Characterizing the Role of Orco Gene in Detecting Aggregation Pheromone and Food Resources in Protaetia brevitarsis Leiws (Coleoptera: Scarabaeidae)

An accurate olfactory system for recognizing semiochemicals and environmental chemical signals plays crucial roles in survival and reproduction of insects. Among all olfaction-related proteins, olfactory receptors (ORs) contribute to the conversion of chemical stimuli to electric signals and thereby are vital in odorant recognition. Olfactory receptor co-receptor (Orco), one of the most conserved ORs, is extremely essential in recognizing odorants through forming a ligand-gated ion channel complex with conventional ligand-binding odorant receptors. We have previously identified aggregation pheromone in Protaetia brevitarsis (Coleoptera: Scarabaeidae), a native agricultural and horticultural pest in East-Asia. However, to our best knowledge, its olfaction recognition mechanisms are still veiled.

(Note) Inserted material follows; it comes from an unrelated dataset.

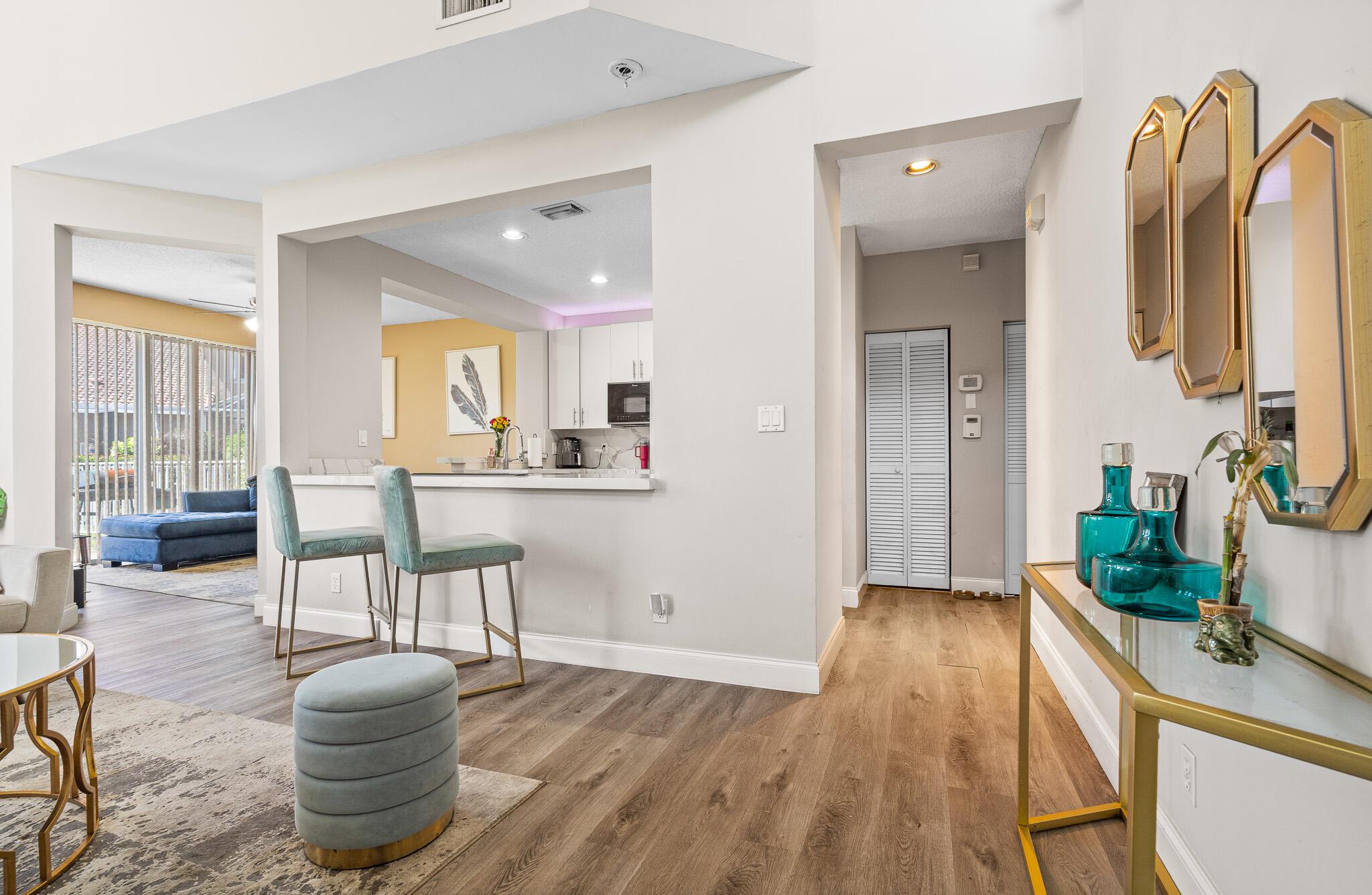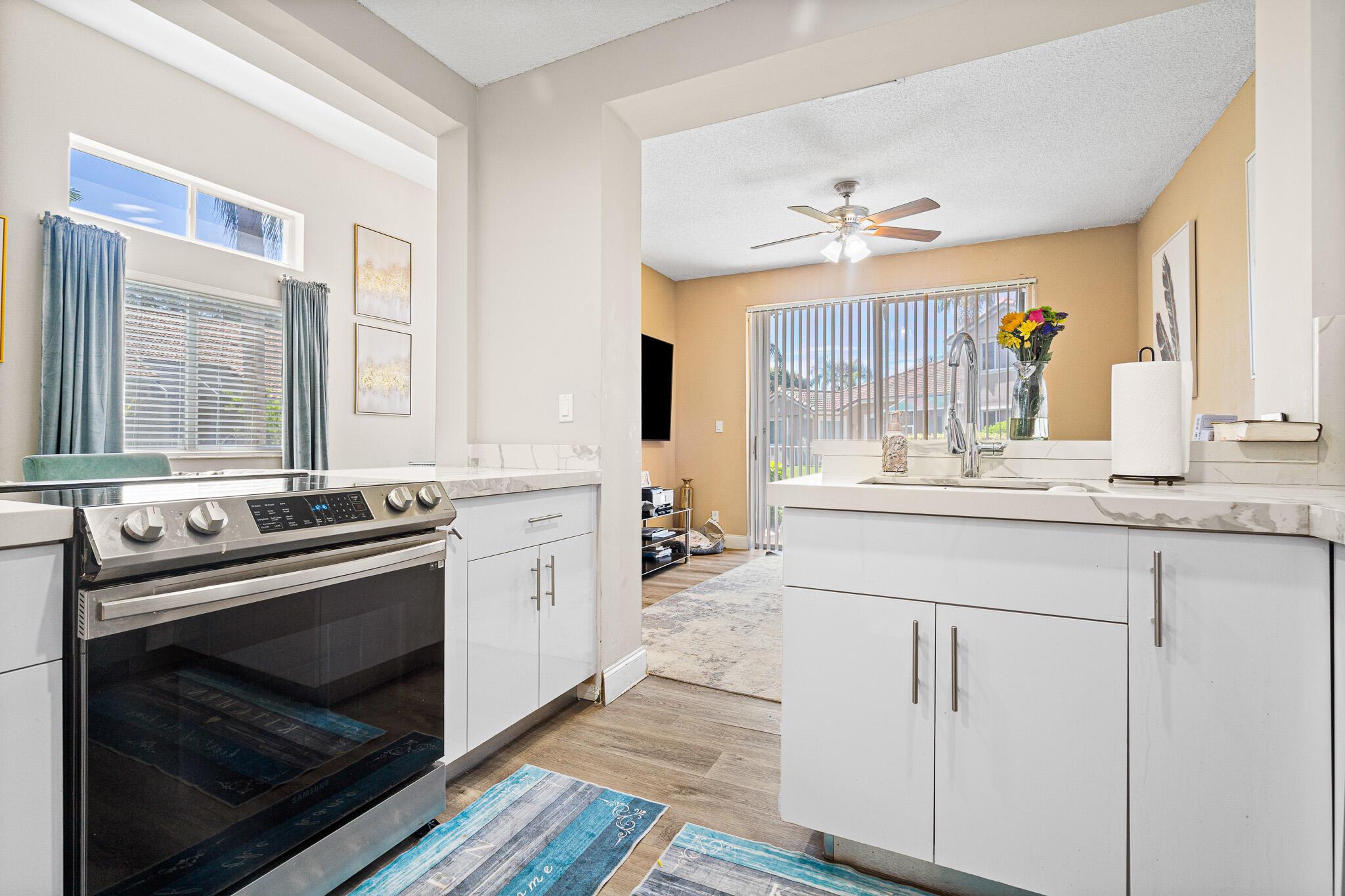Discover this beautiful corner lot townhouse in the sought after Grand Palms Golf and Country Club, offering the elegance of country club living without mandatory membership fees. The spacious open concept design features high ceilings, abundant natural light, and welcoming living areas. The modern kitchen is complete with stylish cabinetry, polished countertops, and stainless steel appliances ideal for home cooks and entertaining. The primary suite includes a walk-in closet and a well-appointed bathroom. As a corner unit, this home provides enhanced privacy, expansive windows, and a bright, airy atmosphere. Grand Palms is a gated, meticulously maintained community with golf course views, walking walking paths, and lush landscaping.

To illustrate how P. brevitarsis recognize aggregation pheromone and host plants, in the present study we cloned and sequenced the full-length Orco gene from P. brevitarsis antennae (named PbreOrco) and found that PbreOrco is highly conserved and similar to Orcos from other Coleoptera insects. Our real-time quantitative PCR (qRT-PCR) results showed that PbreOrco is mainly expressed in antenna. We also demonstrated that silencing PbreOrco using RNA interference through injecting dsOrco fragment significantly inhibited PbreOrco expression in comparison with injecting control dsGFP and subsequently revealed using electroantennogram and behavioral bioassays that decreasing PbreOrco transcript abundance significantly impaired the responses of P. brevitarsis to intraspecific aggregation pheromone and prolonged the time of P. brevitarsis spending on food seeking. Overall, our results demonstrated that PbreOrco is crucial in mediating odorant perception in P. brevitarsis.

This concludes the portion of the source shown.